▶ [TASK TO COMPLETE]
Using the data below, return word for word every line from the one holding "인사말(협력업체 인사) |" down to the one holding "Площадь от 61.8 м2". Leave pictures out.

▶ [PROVIDED DATA]
>>
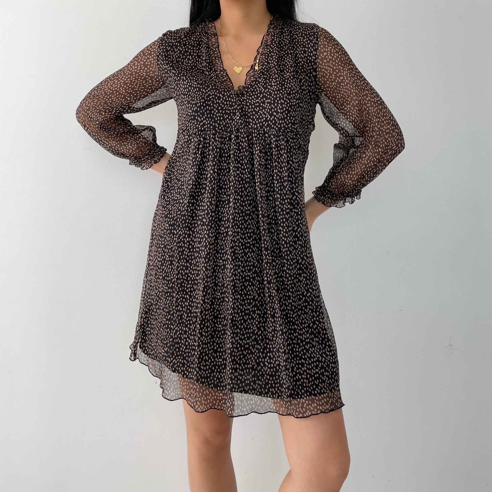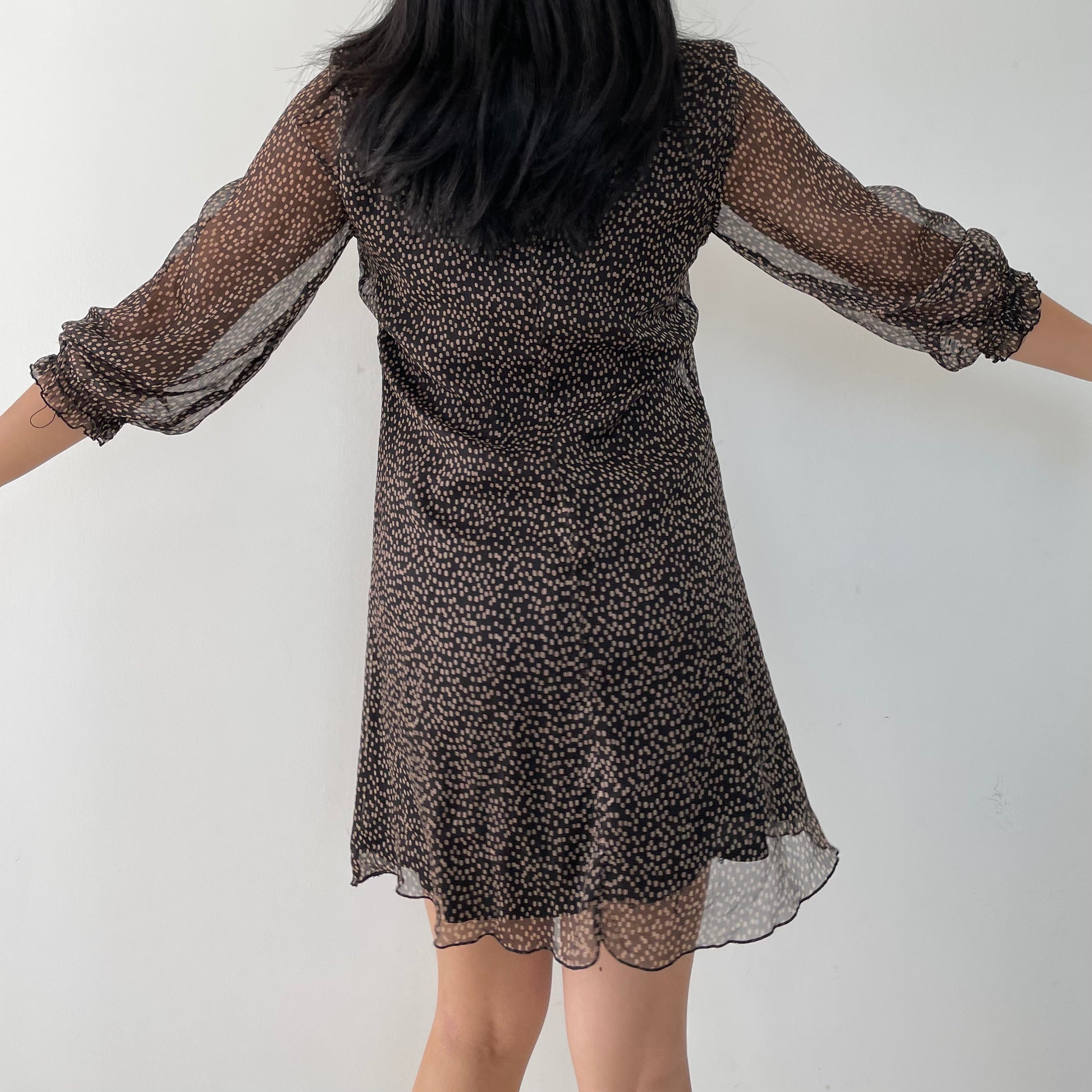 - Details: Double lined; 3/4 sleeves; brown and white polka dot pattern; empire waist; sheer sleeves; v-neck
<<
>>
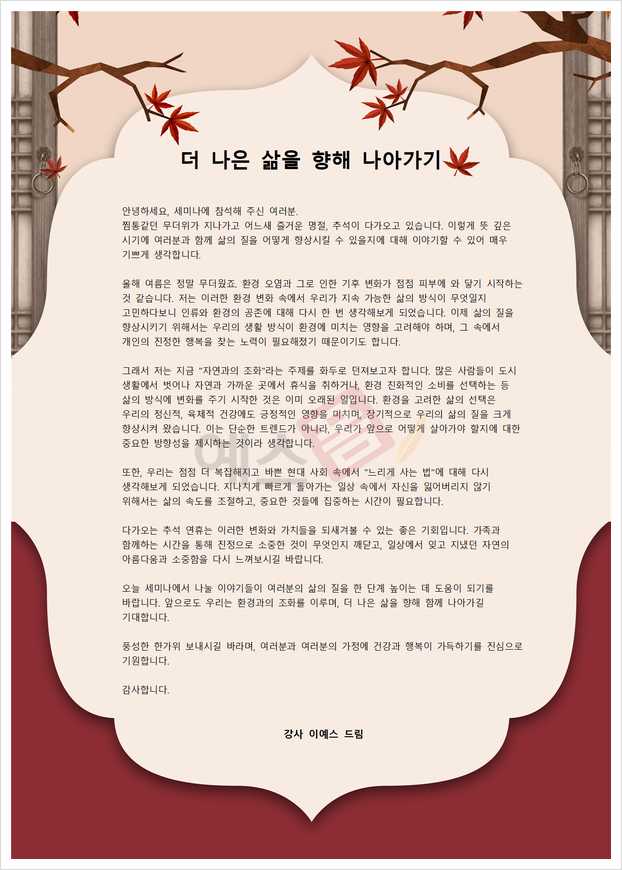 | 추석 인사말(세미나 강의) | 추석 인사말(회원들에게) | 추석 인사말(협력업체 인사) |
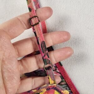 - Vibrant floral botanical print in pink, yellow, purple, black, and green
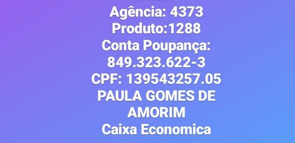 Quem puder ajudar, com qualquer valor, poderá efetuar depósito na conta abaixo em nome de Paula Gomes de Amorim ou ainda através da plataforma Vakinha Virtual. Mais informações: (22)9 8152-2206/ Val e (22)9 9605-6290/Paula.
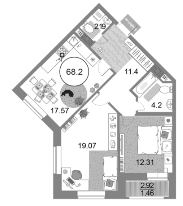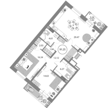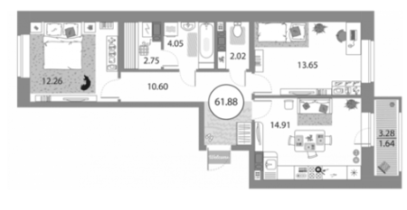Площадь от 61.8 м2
<<
>>
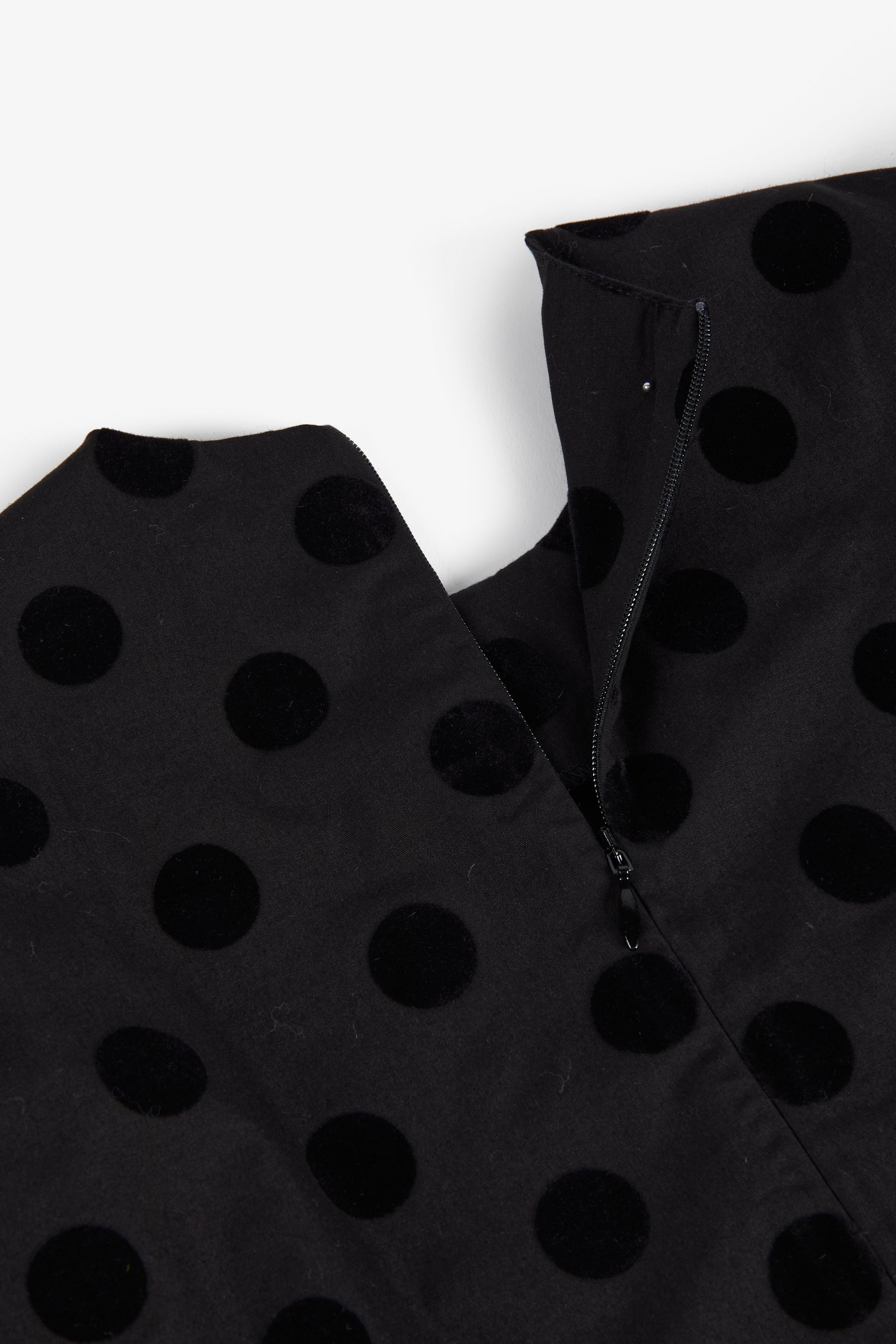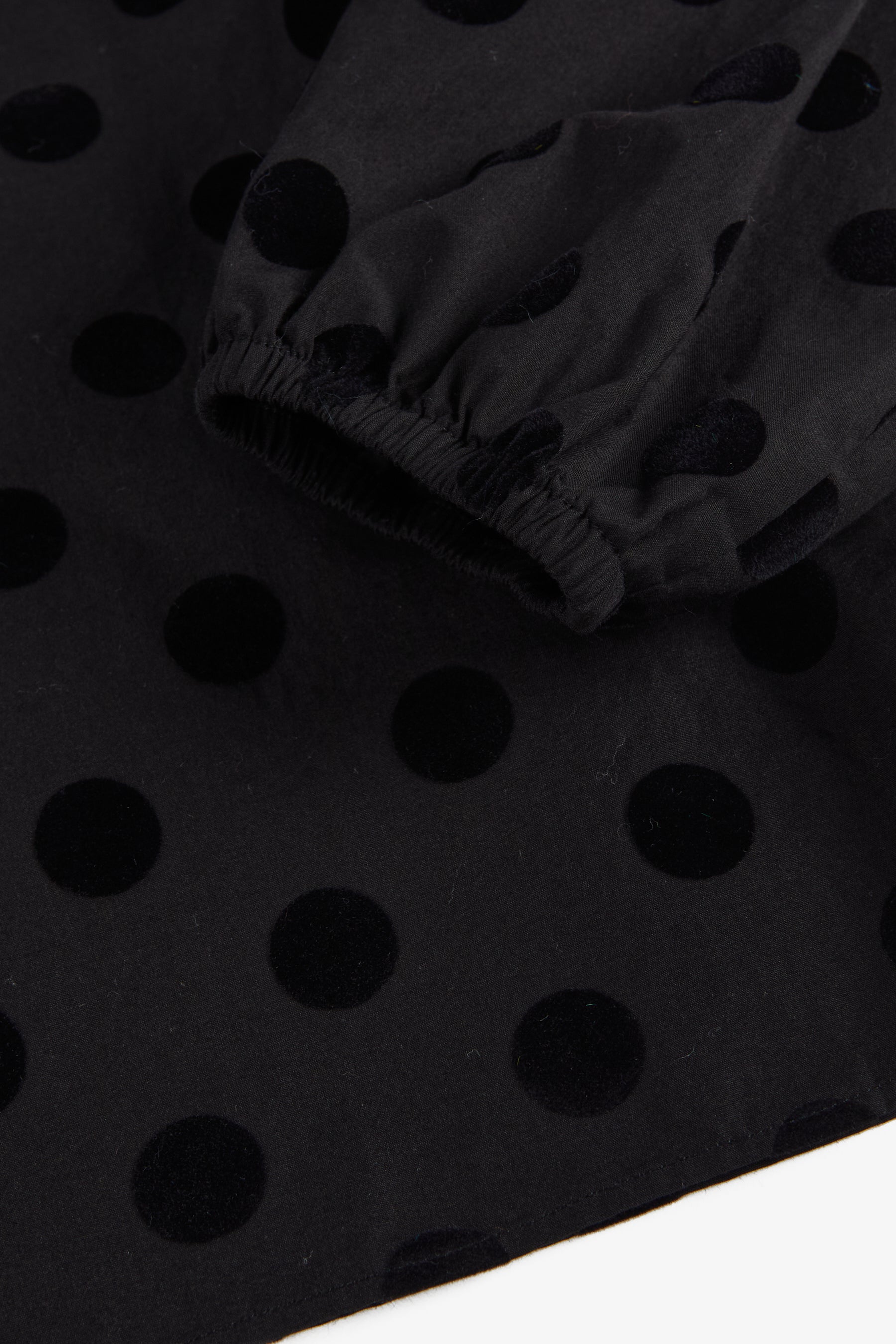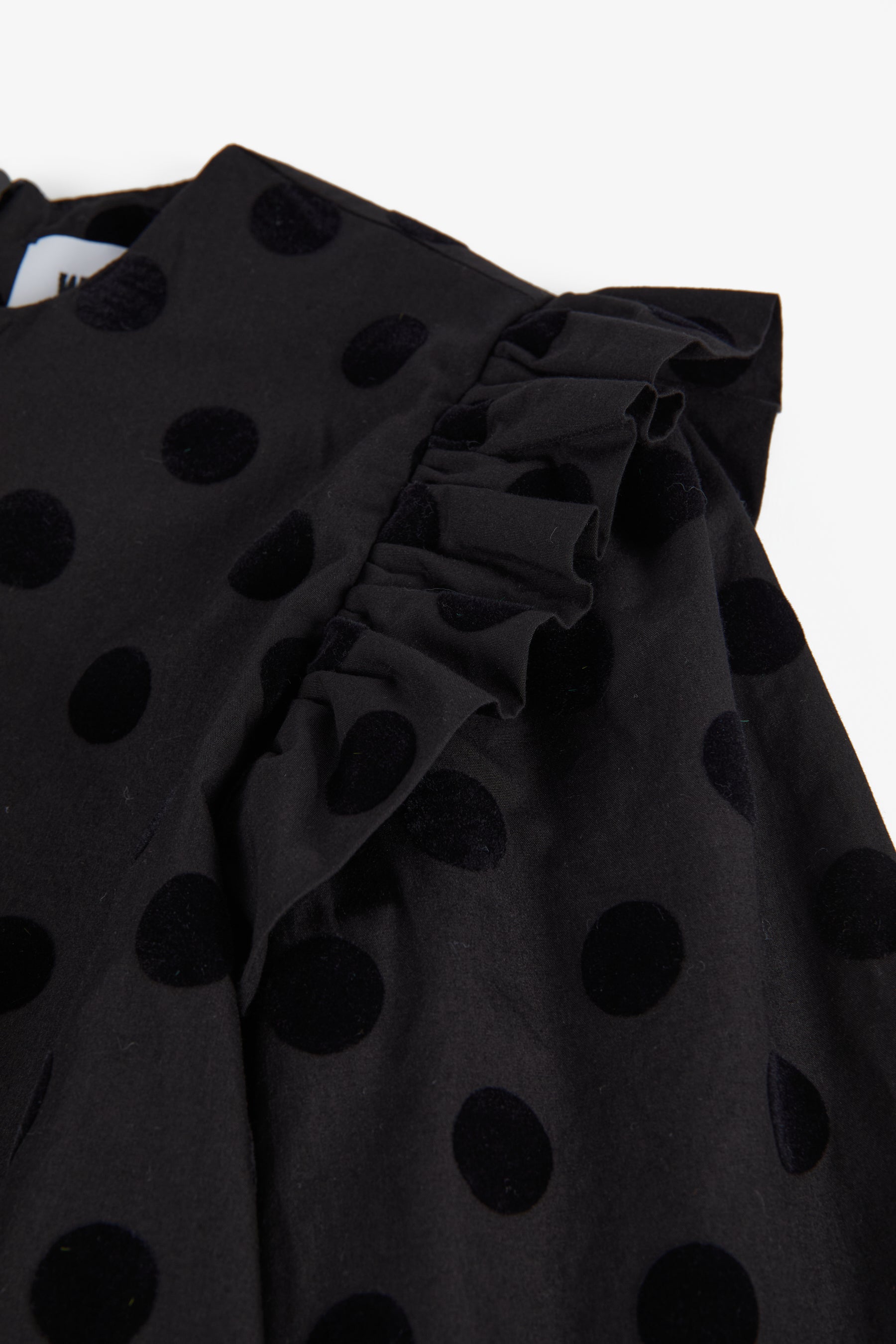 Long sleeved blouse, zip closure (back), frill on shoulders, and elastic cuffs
<<
▶ [RESULT OF THIS TASK]
 | 추석 인사말(세미나 강의) | 추석 인사말(회원들에게) | 추석 인사말(협력업체 인사) |
 - Vibrant floral botanical print in pink, yellow, purple, black, and green
 Quem puder ajudar, com qualquer valor, poderá efetuar depósito na conta abaixo em nome de Paula Gomes de Amorim ou ainda através da plataforma Vakinha Virtual. Mais informações: (22)9 8152-2206/ Val e (22)9 9605-6290/Paula.
Площадь от 61.8 м2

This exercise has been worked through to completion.